Heightened awareness brings hope
Despite bringing the world to a standstill, there are some silver linings to the pandemic. Notably, the heightened attention that loneliness is receiving has brought awareness and is helping to normalise its presence in society; it’s even possible that we’ll look back on the pandemic as a boon to the potential loneliness epidemic.
Likewise, the power of digital technology, particularly social apps, in fostering connections has been made abundantly clear. Barnett noted “how help, support, and compassion has been facilitated through digital connection” during the pandemic, specifying numerous mutual-aid groups on Facebook and WhatsApp as evidence. Although she does bring up the issue of digital exclusion—people described as ‘internet non-users’, who have never used the internet or not in the past three months. For this reason, she points out the necessity of considering other technologies that aren’t digital, including landline telephones, TV and radio.
“Building meaningful connections between people, reducing the stigma around loneliness, and tailoring approaches to the particular needs of individuals or groups—it is not one size fits all”
The emphasis now is on prevention and treatment. At the onset of the pandemic, the World Health Organization issued a guideline on mental health considerations. Another global initiative with outposts in various countries is Mental Health First Aid, which aims to educate the public on how to help someone developing or experiencing mental illness. Further campaigns targeting loneliness specifically exist nationally, including the UK’s Campaign to End Loneliness, and Ending Loneliness Together in Australia.
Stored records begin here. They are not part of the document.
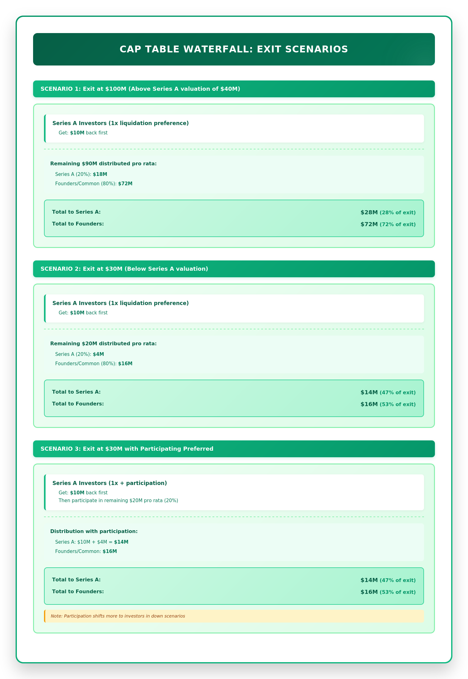 If the company sells for less than expected, the investor may still get their full money back while the founder gets little or nothing. A company can grow in revenue but decline in value. If the exit is below the Series A valuation, investors may come out whole while common shareholders take the loss. Founders often focus on percentage ownership and miss the stack of claims that stand above them.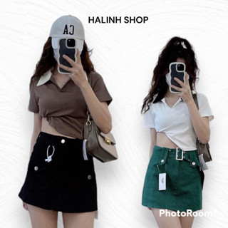 Áo Babytee Cổ Sơ Mi Phối Màu - Halinh Shop - Áo Croptop Dáng Lửng Vạt Lượn Phối Cổ Chất Cotton Tàu Hàng Đẹp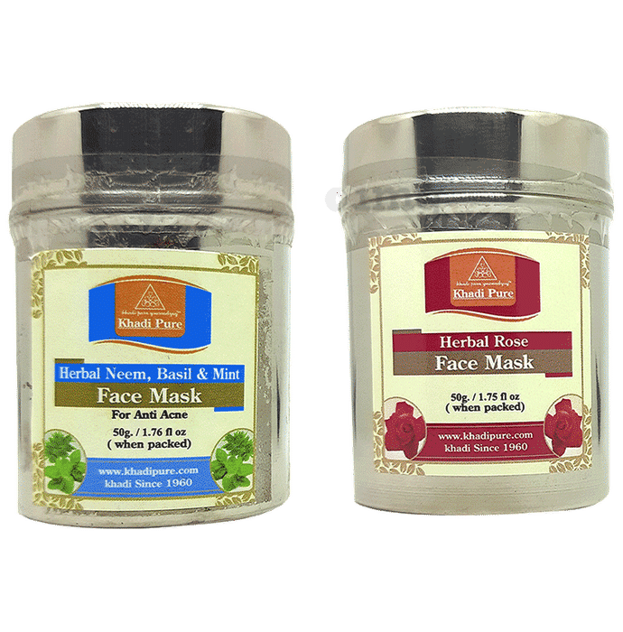 Khadi Pure Combo Pack of Herbal Neem, Basil,& Mint Face Mask & Herbal Rose Face Mask is a combo pack of face masks having properties which help to make the skin blemish-free and radiant.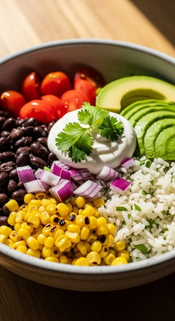 Layer rice, beans, and vegetables in bowls. Add simple toppings.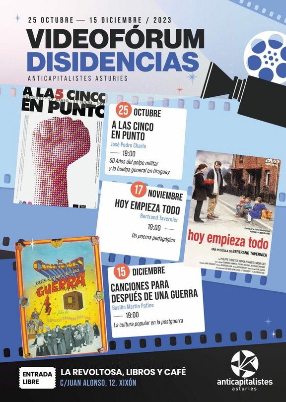 Organizamos en Xixón un ciclo de cine con conciencia en La Revoltosa. Los títulos con las fechas de las proyecciones son las siguientes: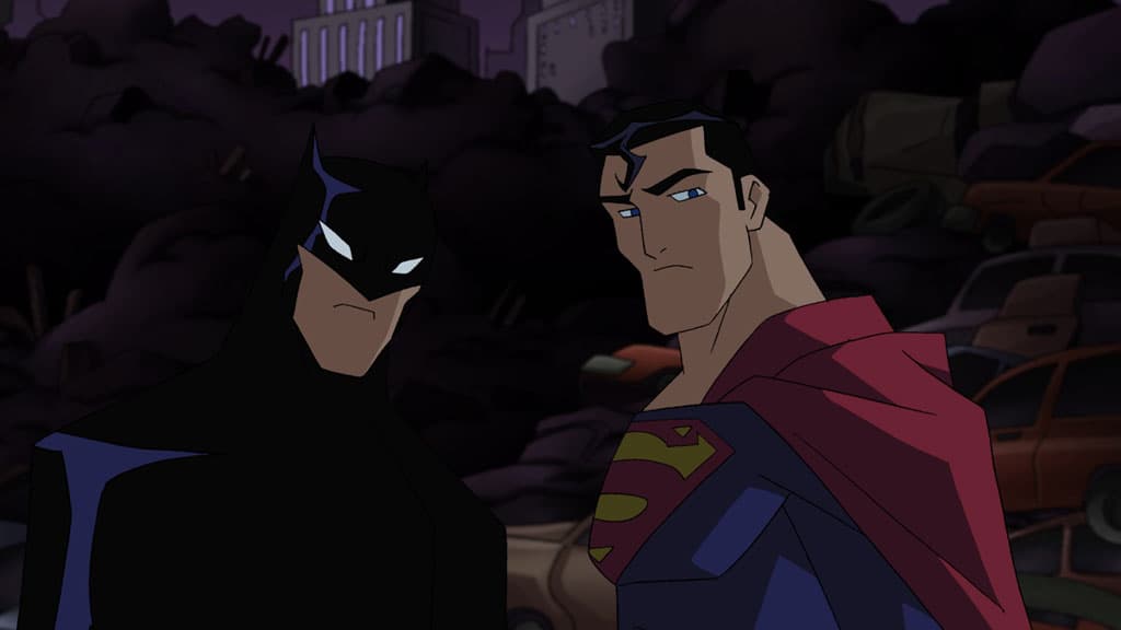 La continuidad es diferente en el mundo animado y el primer encuentro entre el hombre de acero y el caballero oscuro se llevó a cabo en un episodio de tres partes titulado World’s Finest. Los tres episodios se estrenaron originalmente uno detrás de otro en forma de película el 4 de octubre de 1997. Escrita por Alan Burnett y Paul Dini, la historia muestra la clara diferencia ideológica entre optimismo y pesimismo que los héroes poseen, pero también el viaje que los lleva a limar las asperezas y salvar el día. Un clásico.

In terms of practical solutions, Kato suggests adopting a regular sleep rhythm, for example going to bed and rising at the same time each day, and taking up stress-relieving methods other than the internet, including walking, exercise or yoga. He believes that early intervention is a crucial step in ensuring loneliness does not escalate into other mental health conditions, including hikikomori, and that consulting a social worker or psychologist is advisable if one’s condition worsens.
Alongside using technology to stay connected through periods of isolation, Barnett suggests: “Building meaningful connections between people, reducing the stigma around loneliness, and tailoring approaches to the particular needs of individuals or groups—it is not one size fits all.”